Dinesh D'Souza, former senior policy analyst during the Reagan administration, addressed terrorism and the war in Iraq in a lecture Wednesday titled "America and Its Enemies."

D'Souza is the Robert and Karen Rishwain Fellow at the Hoover Institution at Stanford University. He is a best-selling author whose articles and books are controversial among conservative and liberal audiences. His most recent book, "The Enemy at Home: The Cultural Left and Its Responsibility for 9/11," was published in January.

D'Souza's lecture was sponsored by the Bowdoin College Republicans and the Office of the Dean of Student Affairs.

D'Souza began his lecture by addressing what he believed to be flaws in liberal and conservative thinking about the war in Iraq.

"To understand the situation in Iraq, we need to take a fresh look at 9/11," he said. "Our understandings of the enemy have been unmoved for five years."

Speaking about 9/11, D'Souza posed the question: "How did radical Islam get in a position to do what it did?" He attributed the attack to the Clinton administration's failure to act after the attacks on the U.S. Embassy in Kenya and Tanzania in 1998. According to D'Souza, the success of those attacks led Osama bin Laden to "conceive of a grander strike" against the United States.

D'Souza said that Muslims are attracted to Islamic tyranny because there are no other types of government to choose from in the Middle East. He said that the United States was in Iraq "to put a new card on the table: Muslim democracy."

He said that the United States cannot lose the war in Iraq militarily.

"The only way to lose the war is to lose it in the American mind," he said.

According to D'Souza, the insurgents know that they cannot beat the U.S. army; they only have to "hang in long enough for weariness to weigh in."

He said that the insurgency in Iraq could only win by convincing Americans to leave?the same goal that, according to D'Souza, the political left has.

"The left is pushing for the same objective as bin Laden for its own reasons," he said.

D'Souza concluded his lecture by saying that the war in Iraq "is not a war we can afford to lose."

D'Souza's lecture has generated some controversy within campus political groups.

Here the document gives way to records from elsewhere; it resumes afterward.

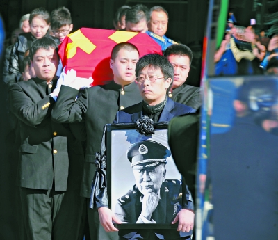今天上午,著名艺术家、空政文工团创作员阎肃同志的追悼会和遗体告别仪式在八宝山革命公墓举行,数千名官兵、群众自发前来送阎老最后一程。 (本报记者 阎彤摄)
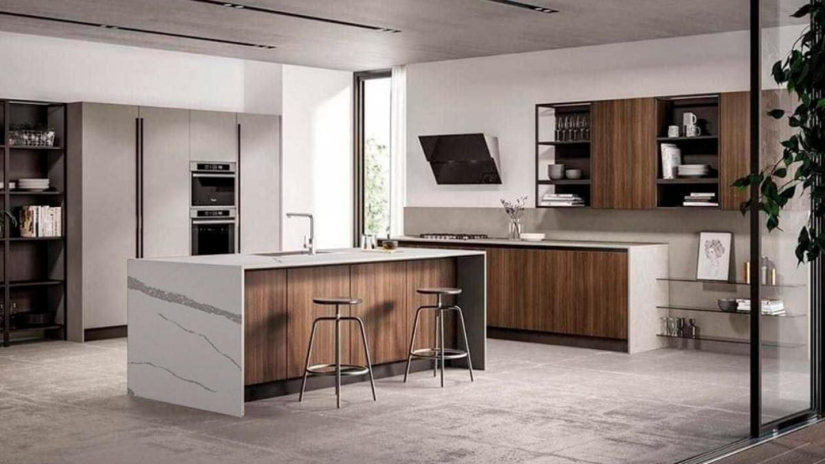 Кварцевый агломерат Asterum Bionica содержит 93% натурального кварца, обеспечивая высокую прочностью и устойчивостью к механическим повреждениям, не подвержен сколам и трещинам, что делает идеальным выбором для кухонных столешниц и других высоконагруженных поверхностей.
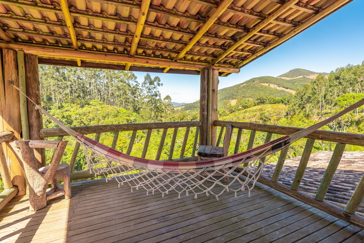 Prelijepa planinska kuća u rustikalnom stilu, visoko na planini, okružena prirodom, prostrana, sa nekoliko unutrašnjih okruženja za druženje, 2 spavaće sobe + 1 apartman, panoramskim pogledom od 360 stepeni sa velikim natkrivenim i nenatkrivenim balkonima, garažom, jezerom, organskom baštom i prelijepim voćnjakom u formaciji. Optički internet i TV od 200 MB sa više od 200 kanala. Nalazi se u blizini BR-282 (6 km), sela Taquaras (7 km) i grada Rancho Queimado (15 km).
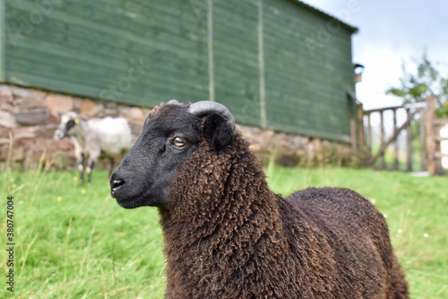 black sheep with brown eyes in a farm
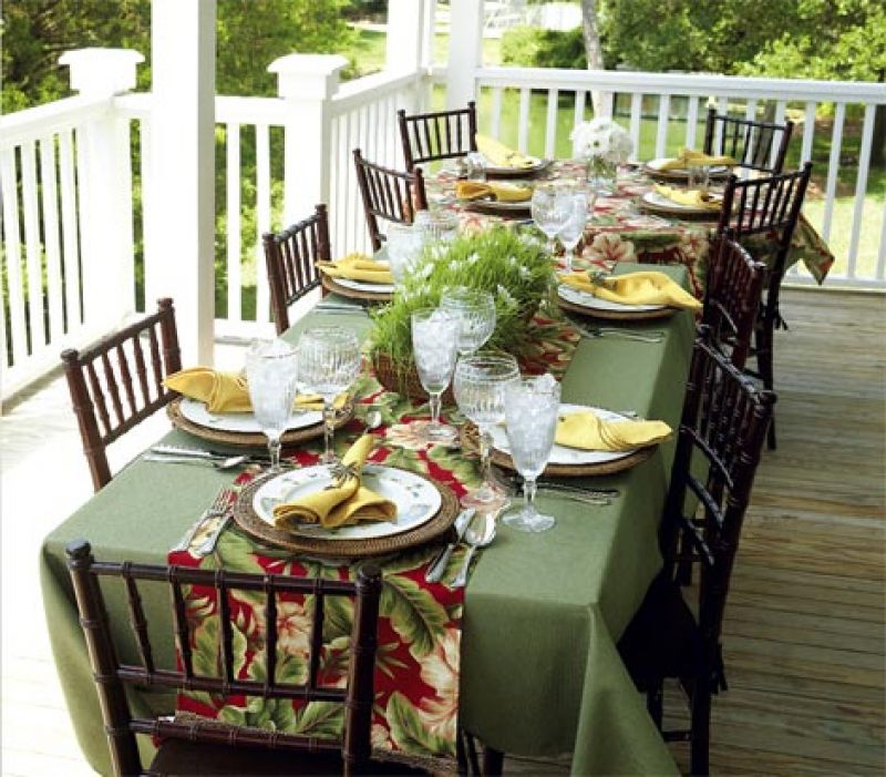 The hosts like to start with something cool on the front porch, which overlooks the neighborhood lagoon. Allyson has set up a tropically themed, self-serve bar. While the adults sip Arnold Palmers spiked with Firefly Sweet Tea Vodka, the children gulp down homemade orangeade, a favorite beverage from Bob’s own childhood. His mom made orange juice every morning—in those days from concentrate—then added water, lemon juice, sugar, and Maraschino cherry juice to whatever was left for an afternoon treat. Bob has modernized this version with Splenda and freshly squeezed OJ.
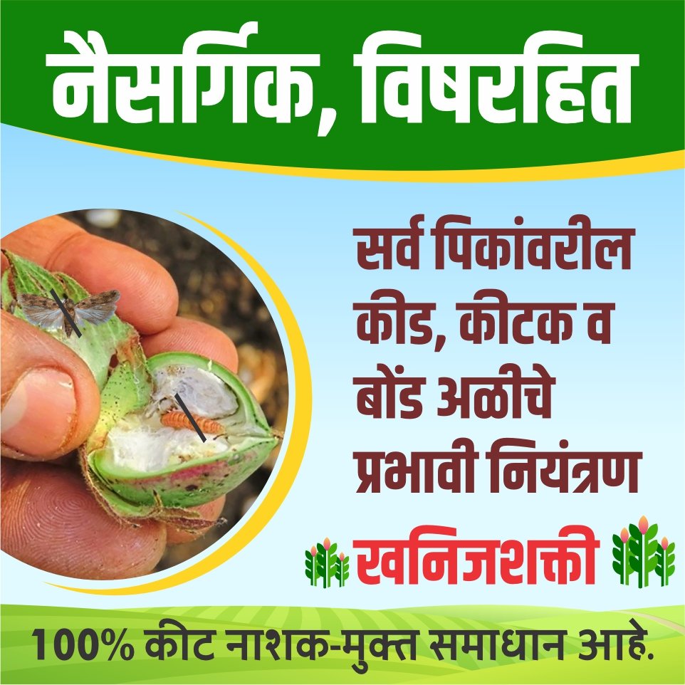 सर्व पिकांवरील कीड, कीटक व बोंड अळीचे प्रभावी नियंत्रण नैसर्गिक, विषरहित, भरघोस गुणवत्तापूर्ण उत्पादनासाठी खनिज शक्ती !

Charlie Ticotsky '07, co-president of the Bowdoin College Democrats, sent the Orient a press release criticizing the College Republicans for inviting D'Souza to speak.

"D'Souza is an interesting choice for Maine Republicans," reads the release. "He is known for his obscene, intolerant, and racially charged assertions on race and foreign policy."

The release quotes Waterville City Councilor and Maine College Democrats' President Henry Beck.

"Speakers like D'Souza have a right to deliver these remarks, but at the end of the day, what are Maine Republicans trying to accomplish?" Beck asked.

The Orient attempted to contact the Bowdoin College Republicans but had not received a response at press time.

D'Souza said that Bowdoin students should thank the Bowdoin Republicans for bringing him to campus.

"Republicans are doing you a big favor?subjecting your entrenched flabby liberalism to a little bit of intellectual pressure," he said.